> TASK: Transcribe only the lines in the data below falling between the line with "そんな雰囲気を醸し出すのがも" and the line with "Lemon Monogram Oval", including those two lines, and leave out any picture.

> DATA PROVIDED:
···
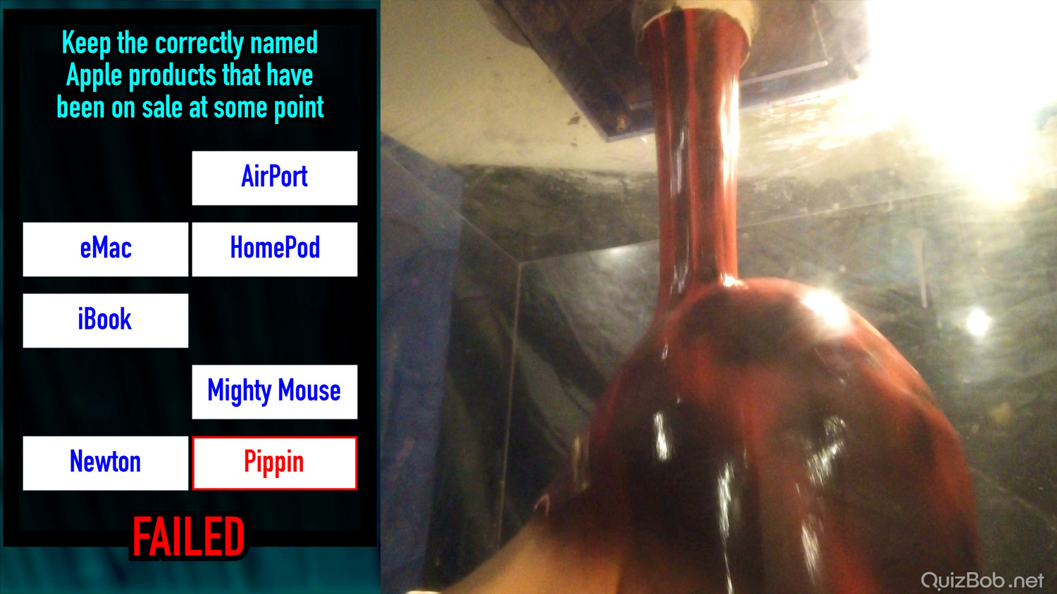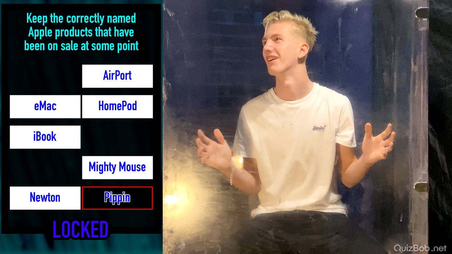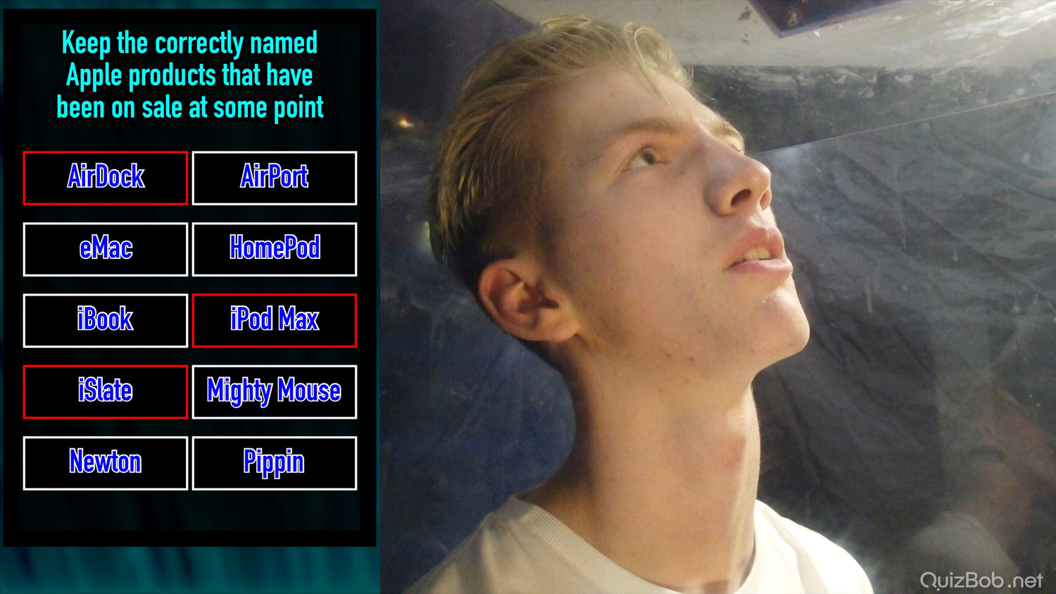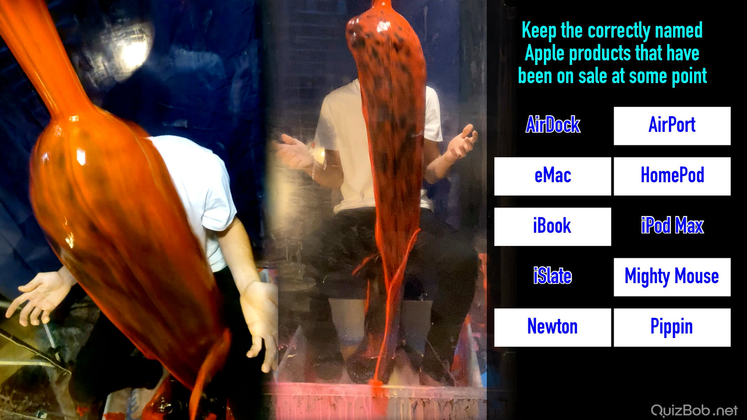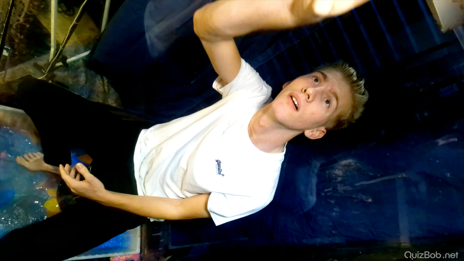 Each time he fails to complete a board in the quiz, a tank of brightly coloured gunge is dropped on him!
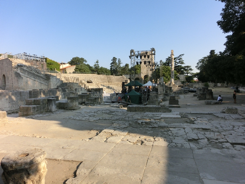 そんな雰囲気を醸し出すのがもう一つ、古代劇場だ。紀元前1世紀くらいのものらしく、当時は1万人を収容する劇場だったらしい。今は中で何やら準備中で、ショーかコンサートでもが行われるのかな。この時期の南仏は毎日いろんなところで音楽イベントをやっているそうです。石畳の街をぶらぶら歩く。
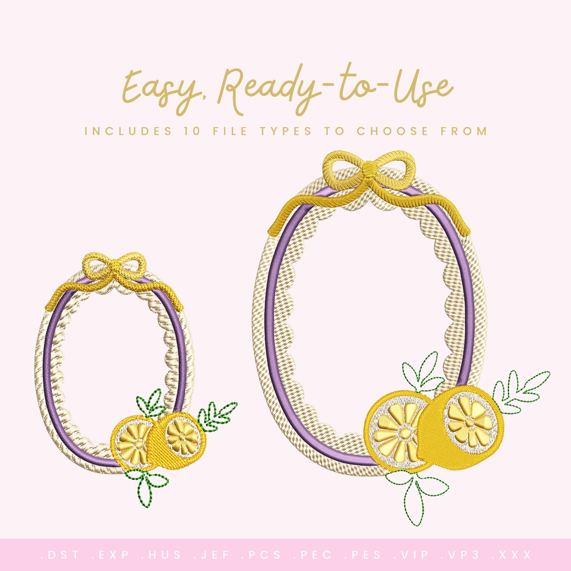 Lemon Monogram Oval Frame Embroidery Design (Instant Download!)
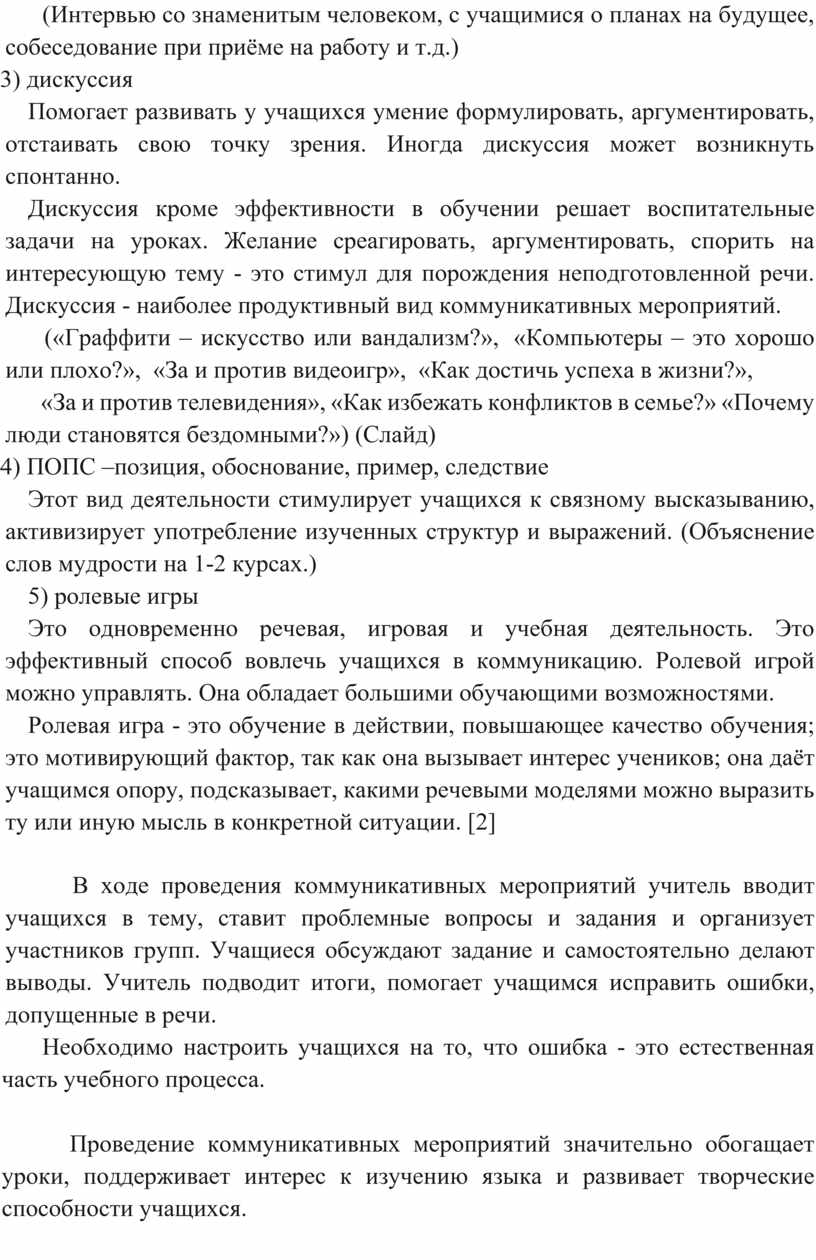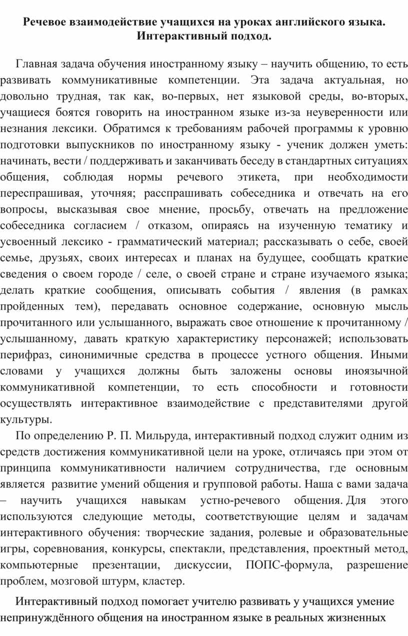 По определению Р. П. Мильруда, интерактивный подход служит одним из средств достижения коммуникативной цели на уроке, отличаясь при этом от принципа коммуникативности наличием сотрудничества, где основным является развитие умений общения и групповой работы. Наша с вами задача – научить учащихся навыкам устно-речевого общения. Для этого используются следующие методы, соответствующие целям и задачам интерактивного обучения: творческие задания, ролевые и образовательные игры, соревнования, конкурсы, спектакли, представления, проектный метод, компьютерные презентации, дискуссии, ПОПС-формула, разрешение проблем, мозговой штурм, кластер.
···
> THE ANSWER:
 そんな雰囲気を醸し出すのがもう一つ、古代劇場だ。紀元前1世紀くらいのものらしく、当時は1万人を収容する劇場だったらしい。今は中で何やら準備中で、ショーかコンサートでもが行われるのかな。この時期の南仏は毎日いろんなところで音楽イベントをやっているそうです。石畳の街をぶらぶら歩く。
 Lemon Monogram Oval Frame Embroidery Design (Instant Download!)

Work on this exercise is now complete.